By leveraging digital twins in these three areas, organizations can improve the strategic, operational, and tactical aspects of their supply chain planning.

Challenges Organizations Face in Leveraging Digital Twins

One of the biggest challenges companies face in leveraging digital twins is data drift, which is often among the top reasons many see model accuracy degrade over time. Data drift is “a variation in the production data from the data that was used to test and validate the model before deploying it in production.”

Ensuring that the data used in building the digital twin is collected accurately and consistently – thereby allowing it to represent the true conditions of the physical twin – is a constant area to monitor. Having the best-quality data is key to deriving full value from a digital twin. The ability to do this is improving as teams gradually move more toward streaming analytics. 

Properly using a digital twin isn’t only about the ability to collect and store the data.
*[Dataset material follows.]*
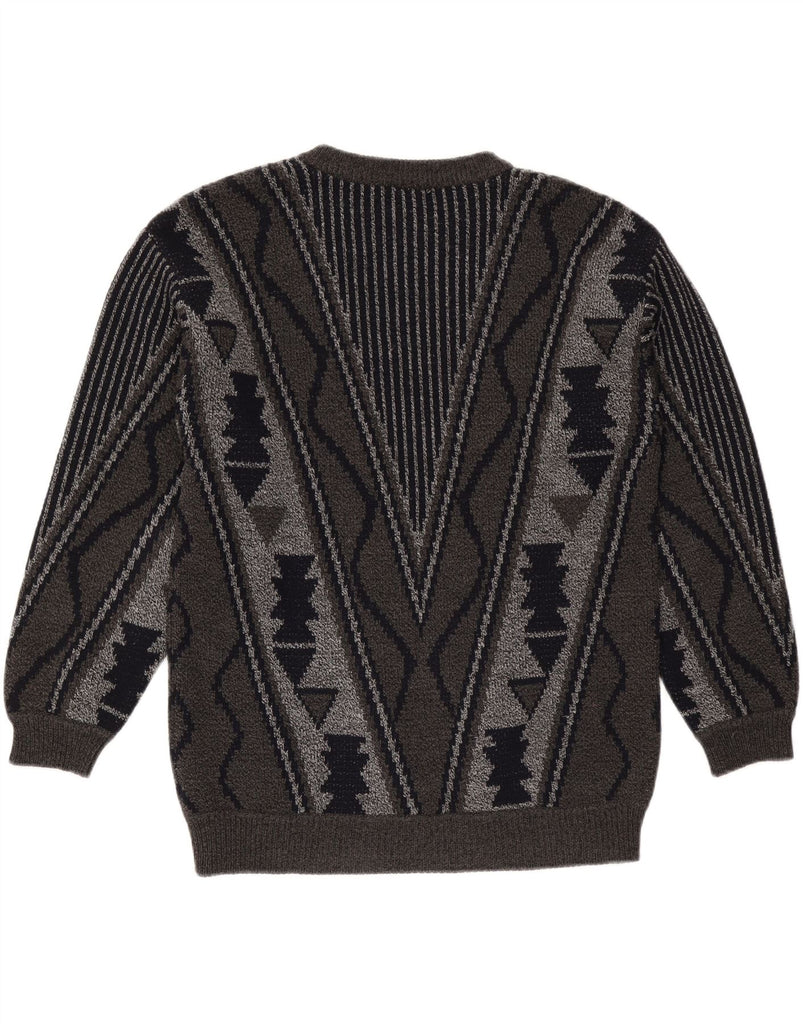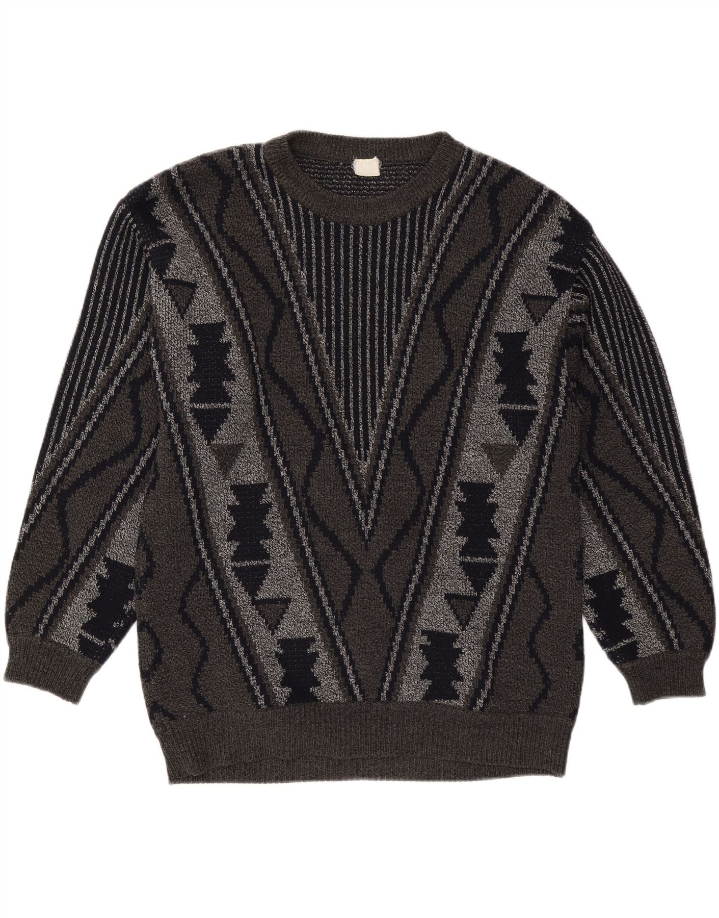 VINTAGE Pulover pentru bărbați cu gât de barcă mare, gri geometric
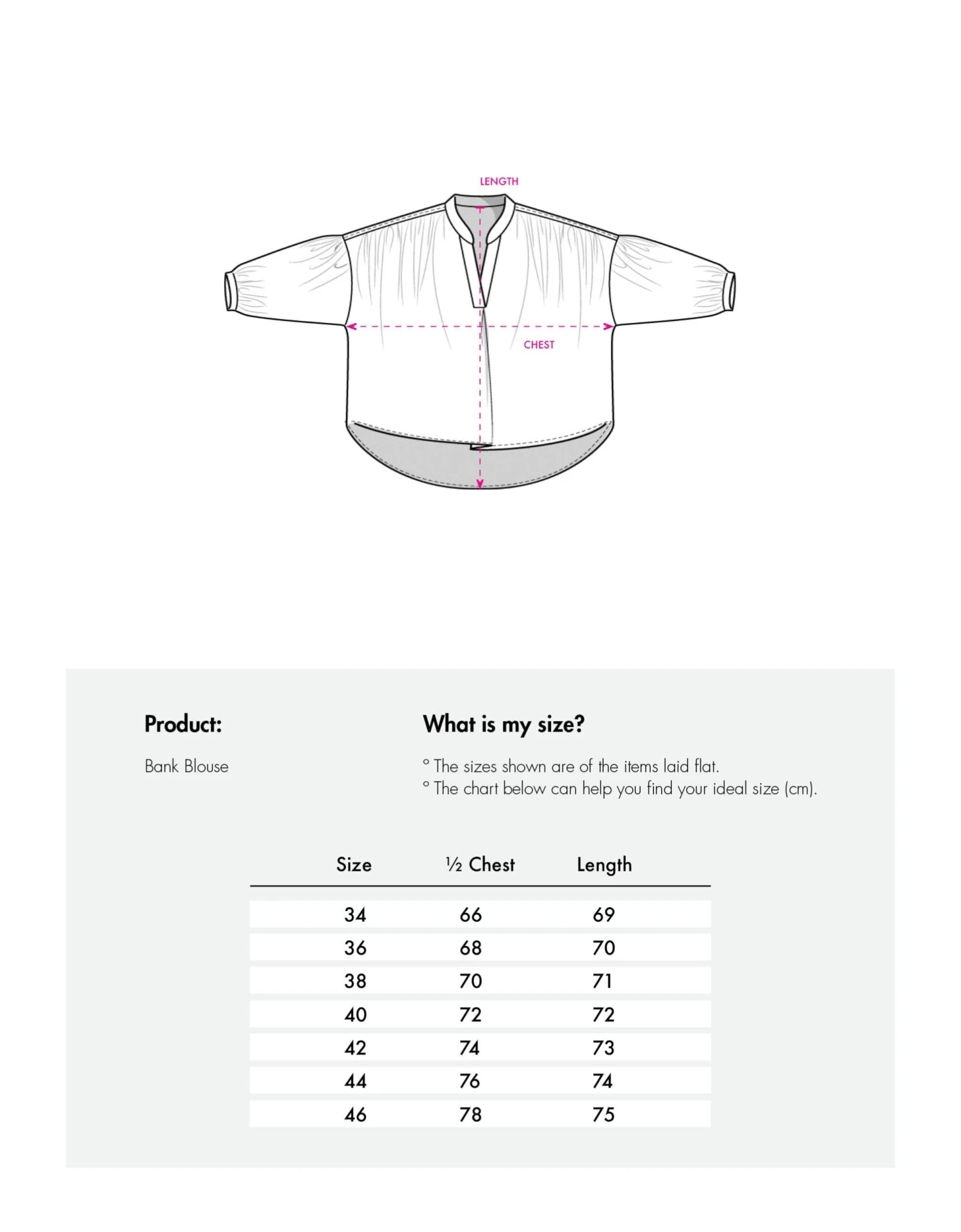 | Size | 32, 34, 36, 38, 40, 42, 44, 46 |

It also encompasses the ability to understand it. Without good behavioral understanding, the interpretations run the risk of being off-base, which can lead to poor decision-making. To solve the challenges that directly affect growth and profitability, teams need to ensure that they make the data accessible and digestible to key stakeholders and decision-makers so that it can be used in conjunction with their respective business expertise. 

As executives push toward a modernized supply chain, they continue to learn how to build the right teams with the necessary skills and expertise specific to each particular area, such as pricing and route management.

Navigating the Supply Chain’s Most Pressing Issues

Digital twins can play a critical role in successfully navigating industry issues that won’t be going away anytime soon. A great example would be the recent congestion at the Southern California ports.

With the help of digital twins, supply chain teams can create a template for scenarios that arise during crises like these. An example would be determining the best course of action to take if a shipment ends up sitting in the containers for 90 days, rather than the expected two weeks. In this way the moment the shipment is ready to be moved, the digital twin has already established the best way to ship cargo to its final destination, taking into account all the factors you may need to consider such as weather or the carbon footprint.

Another challenge currently confronting supply chains is the rising price of gasoline, and how that can increase overall shipping costs. With fuel prices surging, drivers and shippers must ensure that they’re taking the most efficient delivery routes to conserve as much gasoline as possible. Digital twins offer supply chain managers deeper visibility into their route planning to not only optimize time to delivery, but also to mitigate the effects of high fuel costs.

Managing the Modern Supply Chain

For companies with significant access to supply chain data, a digital twin can be a valuable tool at their disposal. Of course, as valuable as a digital twin can be, it’s still only one of many tools that can be used in the supply chain. But if a company can successfully combine a digital twin with artificial intelligence, data visibility, and automation capabilities, it can unveil visibility at a deeper level, and position its supply chain to become more resilient in the face of unforeseen circumstances.